Which event resulted in developing countries?

Which event resulted in developing countries?

The Green Revolution was a significant rise in food grain production (particularly wheat and rice) that occurred in large part from the introduction of new, high-yielding cultivars into emerging nations beginning in the mid-20th century. The revolution is credited with reducing the number of starving people in the world from about 1 billion to 600 million over the same period.

It began in America where scientists developed several new varieties of wheat that were more resistant to insects and drought. These new strains increased the amount of yield per unit area about tenfold, from 10 to 100 pounds per square foot. They did this by removing the grain from most American farms, because it was too small and would go bad before it could be sold. But the scientists had also improved the quality of the grain so that even if the heads didn't produce as much, the remaining kernels were larger and easier to digest.

American farmers adopted these new strains quickly. By 1960, nearly all of them were being grown annually instead of just once as a fall crop. That's when things started to change in Asia and Africa. Farmers there had no choice but to use these new types of wheat because they were all that was available. And since the Americans were removing their smaller grains, those countries were left with only the big starchy cuds that were difficult to process into flour.

What was the impact of the green revolution on developing countries?

The Green Revolution resulted in increased production of food grains (particularly wheat and rice), owing in large part to the introduction of new, high-yielding cultivars into developing nations beginning in the mid-20th century with Borlaug's efforts.

These new cultivars used fertilizer and improved irrigation techniques that made larger quantities of grain possible from each plant. The resulting increase in global food supply helped reduce hunger in many parts of the world where it had previously been a problem. However, the benefits were not equally shared; those who could afford to buy these new crops enjoyed the increased quantity and quality of available food, while those who could not be left hungry.

The new technologies involved in the Green Revolution came from industrialized countries, so it is not surprising that they are used in agriculture everywhere they are applied. In fact, since 1970, the number of people starving to death has dropped by almost half thanks to the Green Revolution -- but that still leaves about one in eight people around the world dying before their time because they cannot find sufficient food.

The future availability of food supplies will depend on whether we can continue to develop new cultivars that are resistant to pests and drought, as well as ways to preserve our food supplies during times of excess. Some scientists believe that genetically engineered plants may hold the answer to some of these problems, but much more research is needed before this technology can be widely adopted.

What series of events triggered the industrial growth?

Advances in agricultural technology and practices led in an increase in food and raw materials supply. Changes in industrial structure and new technology resulted in improved output, efficiency, and profitability, as well as an expansion in foreign and domestic trade, all of which contributed to the advent...
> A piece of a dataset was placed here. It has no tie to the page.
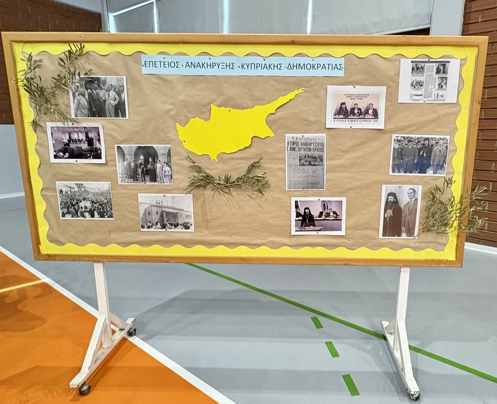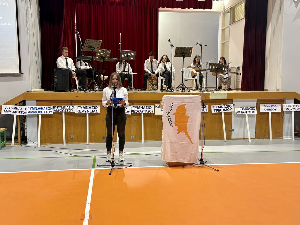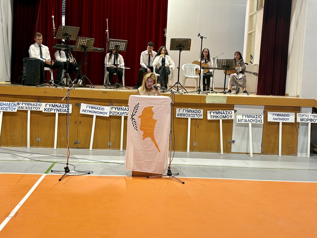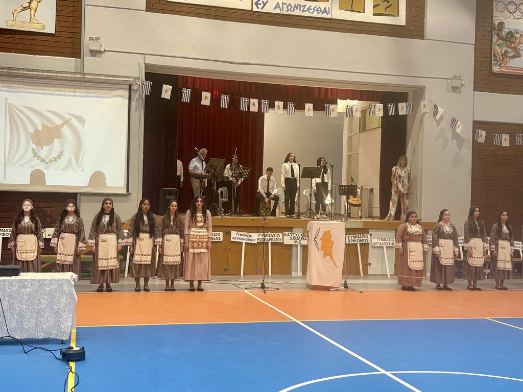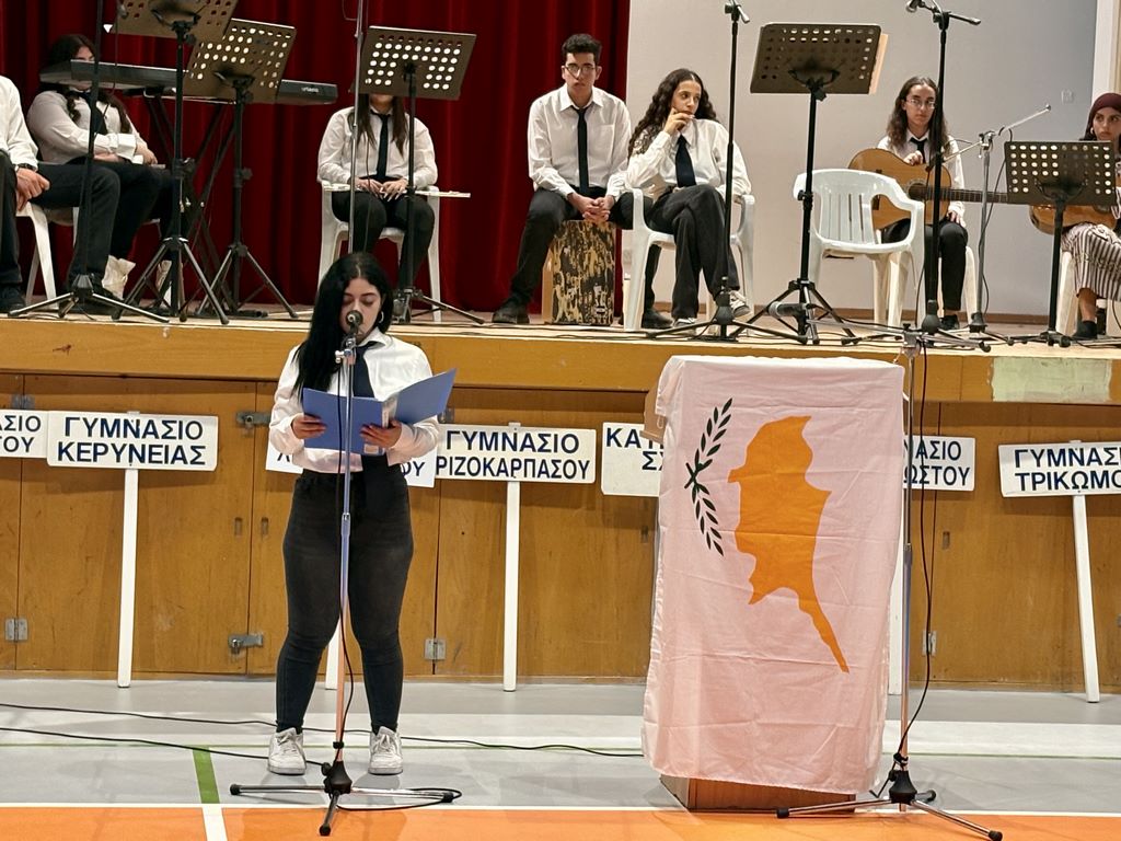 Με τους συγκινητικούς αυτούς στίχους του Κώστα Μόντη, γεμάτους φως, αλμύρα και μνήμη, ξεκίνησε ο φετινός εορτασμός της Επετείου Ανακήρυξης της Κυπριακής Δημοκρατίας στο Σχολείο μας. Η εκδήλωση πραγματοποιήθηκε την Τρίτη, 30 Σεπτεμβρίου 2025, την 4η περίοδο, στην Αίθουσα Πολλαπλών Χρήσεων. Μέσα από ποιητικούς στοχασμούς, ιστορικά κείμενα, αφηγήσεις, μουσικά δρώμενα και κυπριακούς παραδοσιακούς χορούς, οι μαθητές και οι μαθήτριες τίμησαν την ιστορική ημέρα της 1ης Οκτωβρίου 1960.

Of particular note is the rise in manufacturing industry, which accounted for almost half of Britain's exports at its peak in 1872-1890. Manufacturing products that were widely consumed required a large labor force; thus, it was not unusual for factories to have thousands of workers living in close proximity. The most advanced industries also used innovative technologies that paved the way for future developments.

Britain's entry into World War I in 1914 was another major stimulus to the economy. At that time, Britain was one of the world's leading powers, but the country was also heavily indebted. To pay off these debts, the government had to turn to the Bank of England to obtain funds. The bank raised its interest rate to 10 percent, which nearly caused a financial crisis because it was higher than any other country's rate at the time. However, by raising its rate, the bank was able to raise money enough to reduce its debt burden.

The war ended in 1918, but the economy remained weak due to high unemployment and inflation. Starting in 1920, there was a recession that lasted until 1923. This was followed by another depression that lasted from 1929 to 1939.

What major event marked the beginning of advanced civilization?

The Neolithic Revolution, often known as the Agricultural Revolution, was a shift in human history from small, nomadic bands of hunter-gatherers to bigger, agricultural communities and early civilization. It began around 7500 BC in what is now China and continued into the Middle East about 4000 years later.

This transition took place rather suddenly, with no clear evidence of any advance planning or communication needed for two groups of people living in different regions of the world to begin growing crops instead of hunting animals. Modern scientists think that this may have been due to the development of new types of plants that were more suitable for farming or tools that made it possible to work the land efficiently. Either way, it shows that humans can change their environment to meet their needs.

You may be wondering why I mentioned early civilization. The term "early civilization" means that these people were not truly capable of creating true civilization. They built cities, but they were still ruled by kings or other powerful people. It was not until much later that ordinary citizens started to have a voice in how they were governed.

So, the Neolithic Revolution was the start of advanced civilization? Not exactly. Even though they lived in larger communities, they still had not learned how to write. They did not use money, and they sold their products directly to others who wanted them.

About Article Author

Paula Mckinnon

Paula Mckinnon has been an educator for over 20 years. She loves to teach kids about science and how it relates to their everyday lives. Paula also volunteers as an advisor for college students who are interested in going into STEM (science, technology, engineering, and math) fields.